Wieczorem, leżąc już w swoim wygodnym łóżku. Zastanawiam się, czy kiedyś pozbędę się tej pustki w sercu i z pełnym przekonaniem powiem, że znów jestem szczęśliwa.  Aktualnie nie potrafię sobie tego wyobrazić, ale nie da się przecież przewidzieć przyszłości i tego co zaplanował dla mnie los. Tylko ta myśl trzyma mnie w nadziei, że jeszcze będzie dobrze.

środa, 4 października 2017

Rozdział 20


Nie potrafię zebrać odpowiednich słów i przełamać się, aby rozpocząć rozmowę. Przez co moja rozmówczyni, zaczyna się coraz bardziej niecierpliwić. Wciąż nie mogę uwierzyć, że siedzi na przeciwko mnie, zamiast znajdować się tysiące kilometrów stąd. Nie mam pojęcia jakim cudem, udało się jej tego dokonać, ale musiała być bardzo zdeterminowana. Niekoniecznie musi to oznaczać dla mnie coś dobrego, sądząc po jej nastawieniu do mojej osoby. 

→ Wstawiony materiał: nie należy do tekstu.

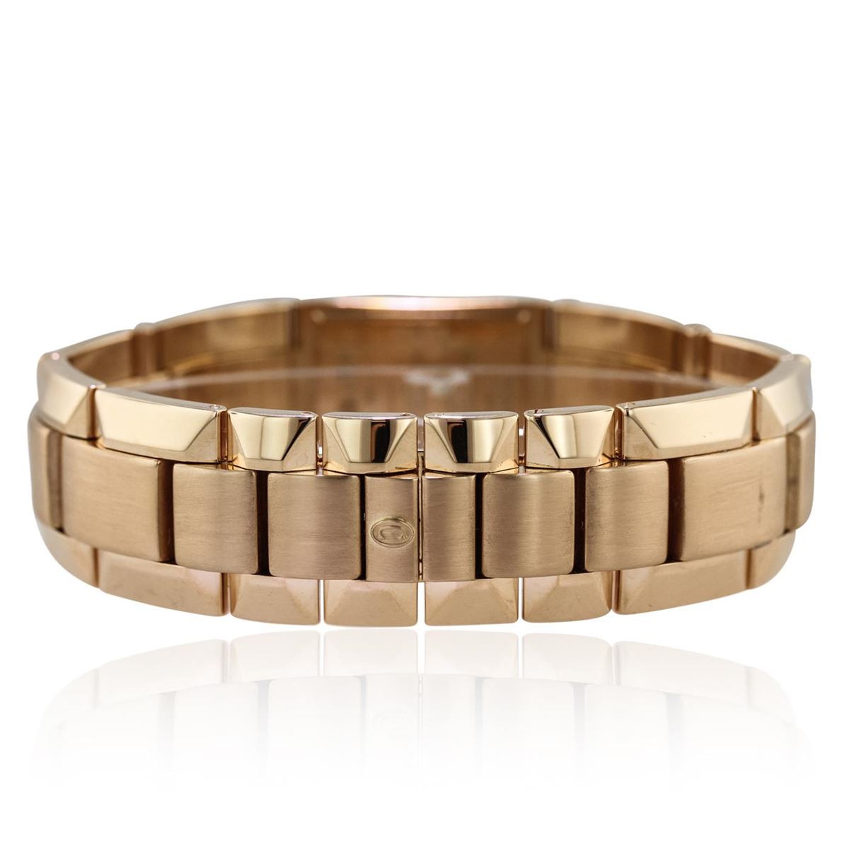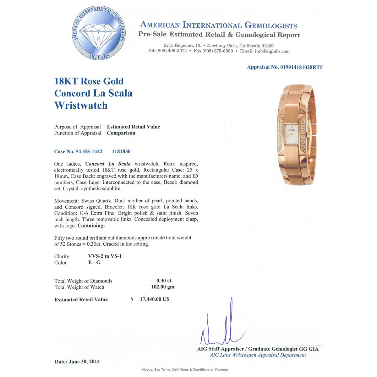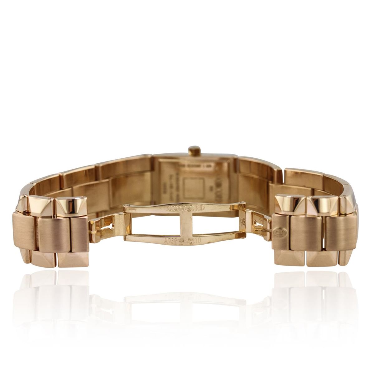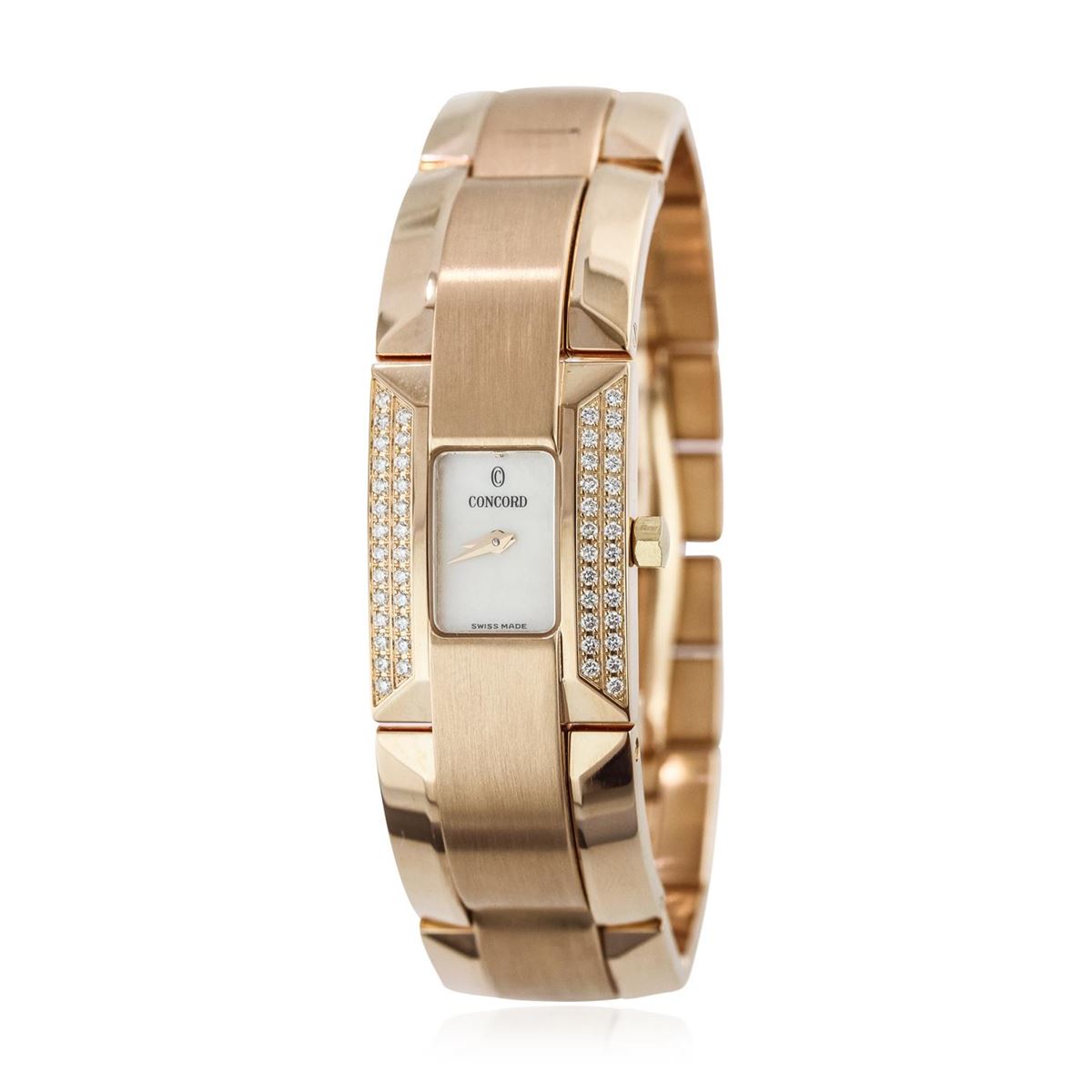 One ladies, Concord La Scala wristwatch, Retro inspired, electronically tested 18KT rose gold, Rectangular Case: 25 x 18mm, Case Back: engraved with the manufacturers name, and ID numbers, Case Lugs: interconnected to the case, Bezel: diamond set, Crystal: synthetic sapphire. Movement: Swiss Quartz. Dial: mother of pearl, pointed hands, and Concord signed, Bracelet: 18K rose gold La Scala links, Condition: G-6 Extra Fine. Bright polish & satin finish. Seven inch length. Three removable links. Concealed deployment clasp, with logo. Containing: Fifty two round brilliant cut diamonds approximate. Total Weight of 52 Stones = 0.30ct. Graded in the setting. Clarity: VVS-2 to VS-1 Color E - G Total Weight of Diamonds 0.30ct. Total Weight of Watch102.00 grams. AIG Appraised at $17,440.00.

- Catalina, nie po to zadałam sobie tyle trudu, aby się tutaj znaleźć. Żeby jedyne, co otrzymać w zamian to twoje milczenie. Uwierz musiałam być bardzo przekonująca w rozmowie z profesorem, aby zdobyć twój dokładny adres - oschły ton Alice, uświadamia mi, jak bardzo jest na mnie wściekła. 
- Naprawdę się nie domyślasz, dlaczego to zrobiłam? - pytam błagalnie, chcąc oszczędzić sobie tych wszystkich bolesnych wyjaśnień. 
Patrzę na przyjaciółkę, nie wiedząc czy nadal mogę ją tak nazywać. Dostrzegając jej kompletne niezrozumienie moich słów. 
- O czym ty mówisz? Skąd niby mam wiedzieć, czym się kierowałaś, gdy postanowiłaś zerwać wszelkie kontakty z nami. Możesz przestać stosować na mnie te zagadki? - dociera do mnie, że dziewczyna jest zupełnie nieświadoma wydarzeń, które to wszystko spowodowały. 
- Myślałam, że wiesz. Na kilka dni przed moim wyjazdem, Nicole nalegała na spotkanie ze mną. Chciała mi coś przekazać. Zgodziłam się i dowiedziałam się o czymś, co sprawiło że mój świat się zawalił. Powiedziała mi, że jest w ciąży. A dziecko, którego się spodziewa jest Hectora. Uznałam, że w takim wypadku, będzie lepiej jak po prostu zejdę jej z drogi - wracając wspomnieniami, do tamtej rozmowy od nowa czuję bezsilną złość, że to musiało spotkać akurat mnie. Na twarzy Alice, pojawia się kompletne zaskoczenie.
- Przepraszam, że to ja muszę ci to powiedzieć, ale to po prostu nie może być prawda. Nikt po za tobą, do tej pory nie wie o żadnej ciąży. A zwłaszcza Hector, który wciąż zastanawia się dlaczego postanowiłaś go zostawić, bez żadnego sensownego powodu. Ona musiała po prostu cię okłamać, licząc na to, że odniesie to jakiś skutek. Jak widać świetnie się to jej udało - nie dociera do mnie świadomość, usłyszanych słów. Nie chcę nawet nie myśleć, że to może okazać się prawdą.
- To niemożliwe. Przecież na własne oczy widziałam badanie, potwierdzające prawdziwość jej słów. Wszystko się zgadzało - staram się nie dopuszczać do siebie myśli, że padłam ofiarą perfidnej intrygi. 
- Widocznie wszystko sobie perfekcyjnie zaplanowała. Musiała być przygotowana na wszystko. Mimo to, jak mogłaś jej tak łatwo uwierzyć? Doskonale wiedziałaś, że to intrygantka i manipulantka. Powinnaś od razu powiedzieć o tym Hectorowi, wtedy razem byście spróbowali znaleźć wyjście z tej sytuacji. A prędzej czy później, prawda wyszłaby na jaw - Alice zupełnie nie rozumie mojego postępowania. 
- Ja chciałam jedynie niczego nie utrudniać. Wolałam usunąć się z drogi, zanim będzie za późno - jestem w kompletnym szoku. Wygląda na to, że poświęciłam całe swoje szczęście na darmo. 
- Więc zobacz, do czego to cię doprowadziło. Tak kończy się twoja próba, uszczęśliwiania wszystkich na siłę, prócz siebie - jestem coraz bardziej zdołowana, kolejnymi słowami gorzkiej prawdy. 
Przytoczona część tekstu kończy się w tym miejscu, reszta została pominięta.